Ночь и вся жизнь - Страница 26
Вели Гурилева по той стежке, по какой уходила Лиза. Немцев было трое. Четверо остались там, у бочек с горючим. Это он понял из их разговора. Немецкий знал хорошо с детства. Больше они не били его. Шли сзади, редко переговариваясь, курили, в морозной свежести резче ощущался табачный дым. Луна стояла в зените, окольцованная мутным радужным венцом. Из открытого поля тянуло ветром, он гнул редкие метелки сухой прошлогодней травы, торчавшей над снегом. А по снегу тянулась ниточка нефти, и там, где Лиза отдыхала, виднелся черный круг… «Ведро… Ведро?.. Дырочка?.. Нет! — вдруг ожгло Гурилева. — Анциферов!.. Не в райцентр надо было… В автобат… Там солдаты, телефон… И понимал же это не хуже Доценко!.. Тридцать километров… Уже б успели сюда… И ничего бы не было: этих следов на снегу и немецких голосов за спиной…»
Болело лицо. Знобило. Только сейчас Гурилев сообразил, что идет без шапки, задувало за ворот, холодило шею, грудь, он хотел поправить шарф, но его не оказалось, потерял…
Еще на подходе к селу, у крайних дворов, в ноздри ударил запах гари — едкий и сладковато-тошнотный в чистом, настывшем за ночь воздухе. И Гурилев вспомнил: зарево!.. Пожарище он увидел, когда задами через огороды вышли к хатам, стоявшим у леса. Сгорел большой, на каменном фундаменте амбар. Рухнувшие стропила малиново дышали на ветру, по ним еще судорожно бегало рыжеватое умиравшее пламя. Кто-то расшвыривал головни длинными жердями, забрасывал комьями мерзлой земли, перелопаченной со снегом, плескал из ведер воду. Вырывались искры, курился пар, перемешанный с пеплом…
Хата была крайней, почти на выезде. За нею, сомкнутый тьмою, стоял лес. У самого забора — крытый брезентом грузовик, дверца открыта, и оттуда торчали сапоги спящего шофера.

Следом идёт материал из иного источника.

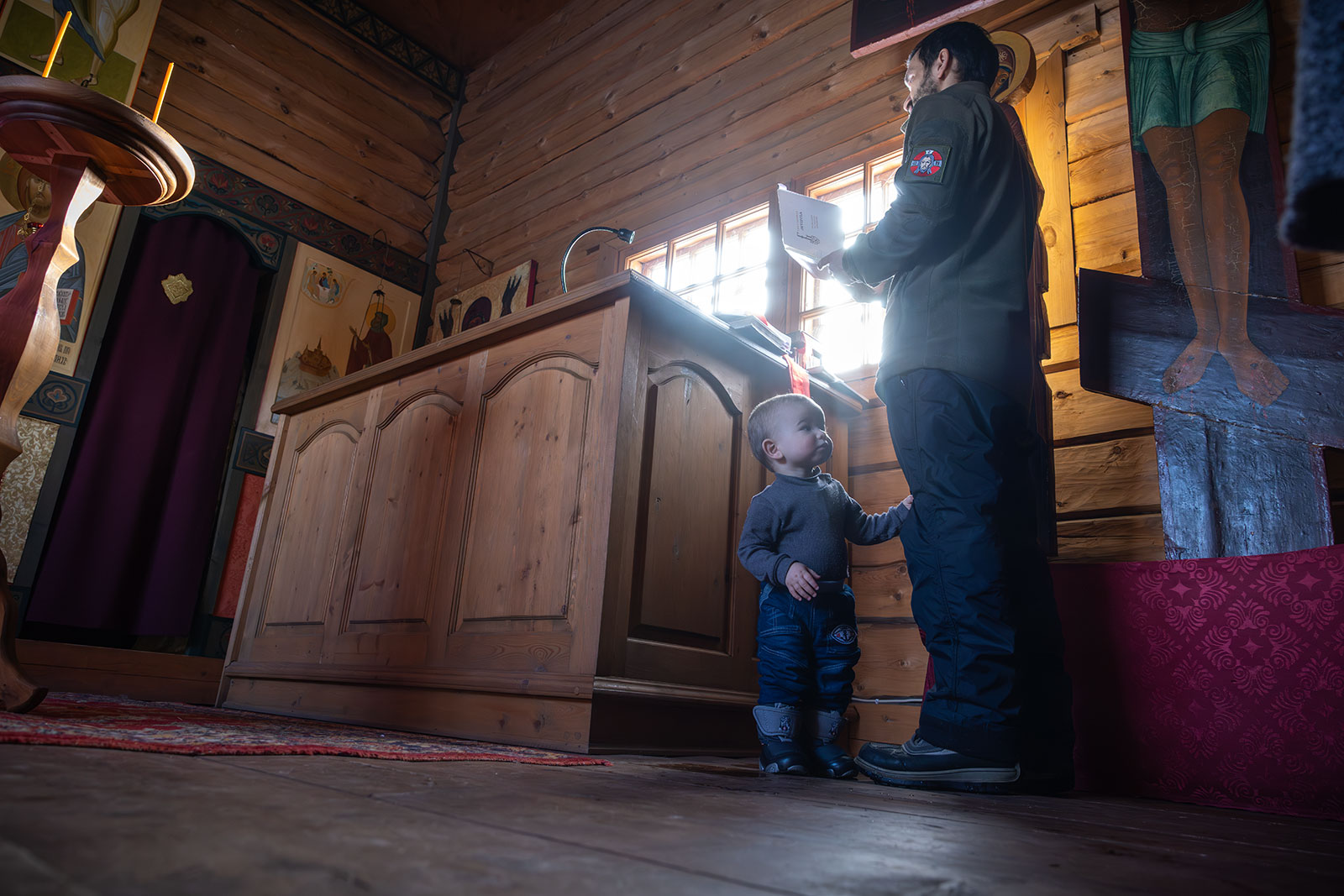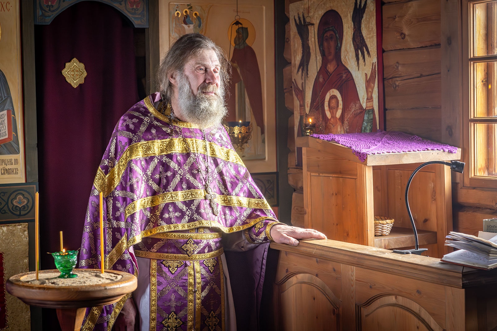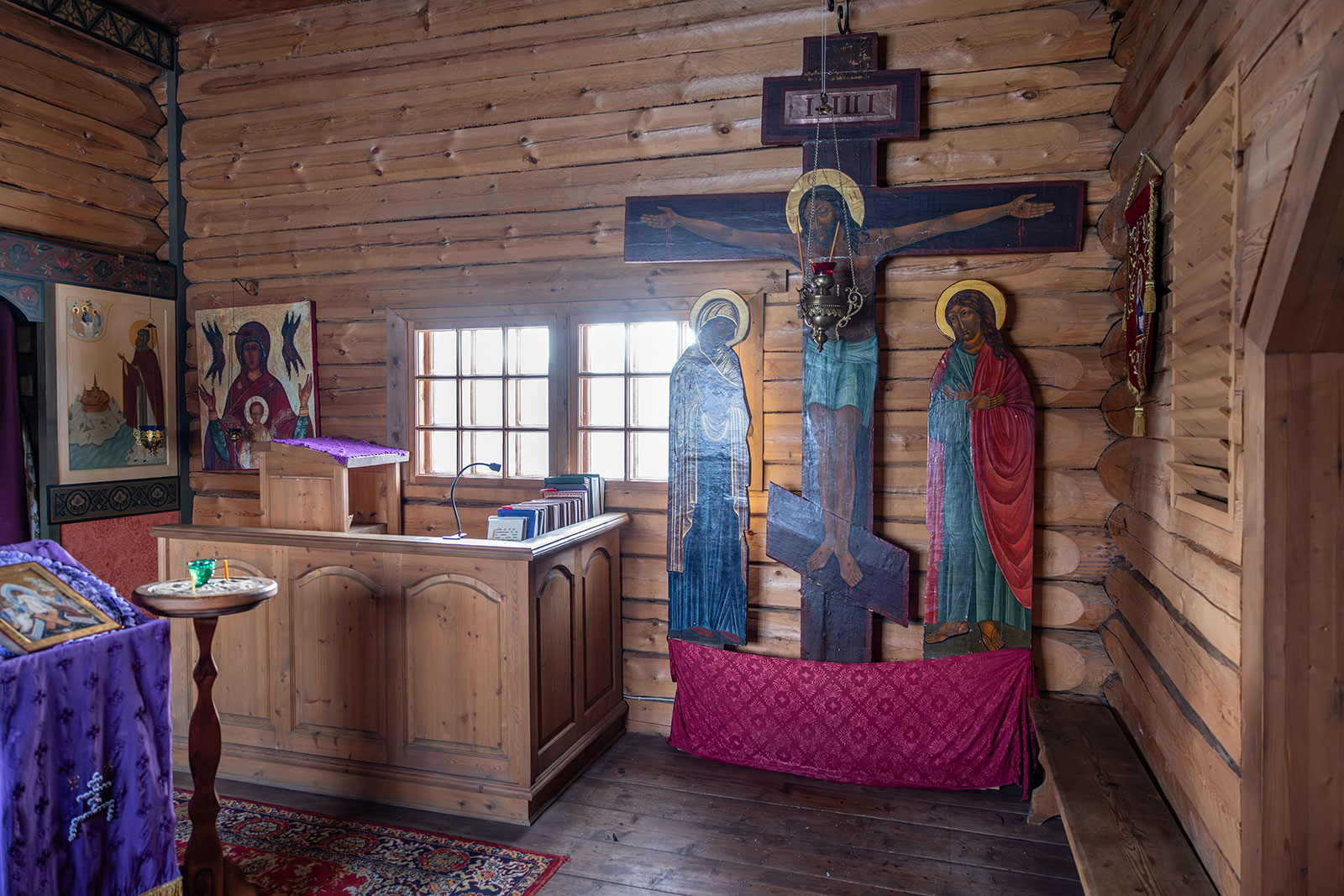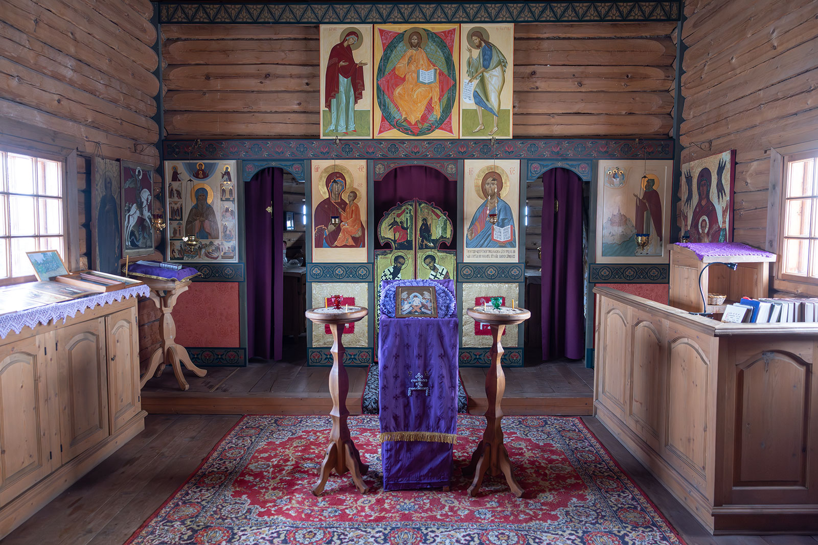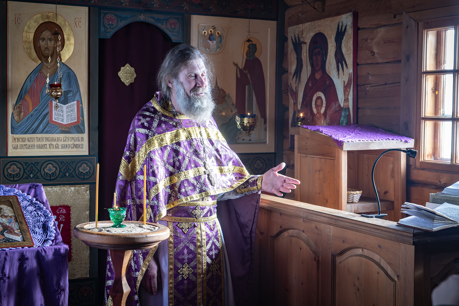 На фото: храм Диодора Юрьегорского в Куганаволоке, воскресная литургия, отец Олег и прихожане, часовня Петра и Павла в Куганаволоке.
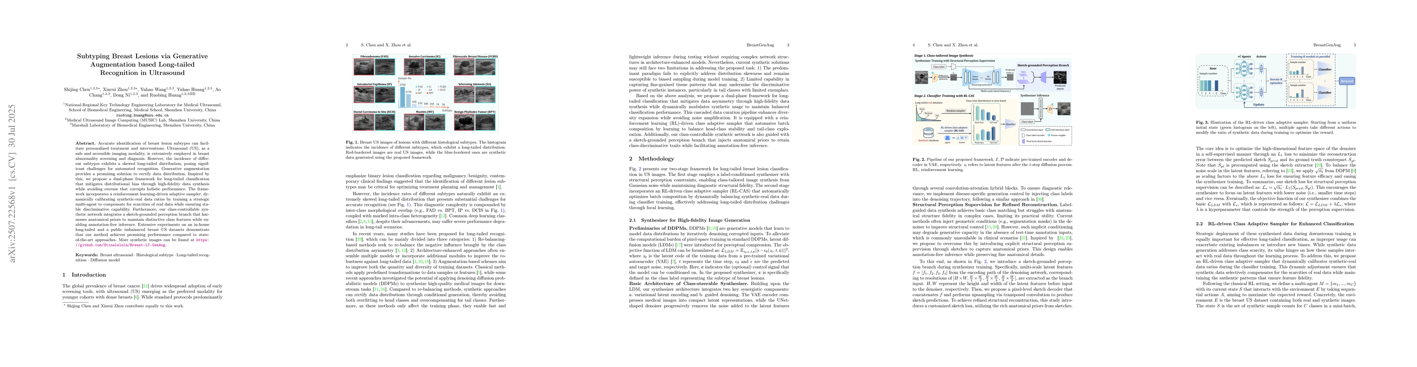 The research proposes a dual-phase framework for long-tailed classification of breast lesion subtypes in ultrasound images, utilizing generative augmentation to address data distribution skewness. This framework includes a reinforcement learning-driven adaptive sampler and a class-controllable synthetic network with a sketch-grounded perception branch.
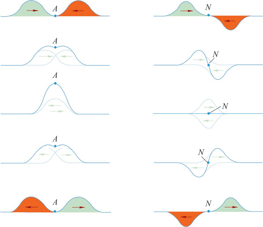 图 3–25 中绳上的质点 A 和 N 在两列波相遇时同时受到了两列波的影响。在相遇之后两波继续按相遇前的规律传播。

Гурилева втолкнули в большую комнату, захлопнулась дверь, он остался один. Изнеможенно опустился на лавку под божницей, в медной лампадке едва дышал огонек. Только сейчас, в тепле, в незнакомых мягких запахах чужого жилья он ощутил тяжесть всей этой ночи, боль в каждом сочленении, вялость каждой мышцы. Начали одолевать вязкая сонливость, безразличие, нервная зевота. Он встряхнулся. Скользя взглядом по стенам, повернул лицо к иконе и тут же услышал — скрипнула дверь. Вошла маленькая женщина, сутулая, лицо побито оспой, осторожно посмотрела на Гурилева, покосилась на дверь, молча поставила на стол керосиновую лампу, сняла стекло, приблизила лучинку к плошке и перенесла с нее огонь на фитиль лампы, экономно утопив его медным колесиком сбоку. Надев стекло, вышла.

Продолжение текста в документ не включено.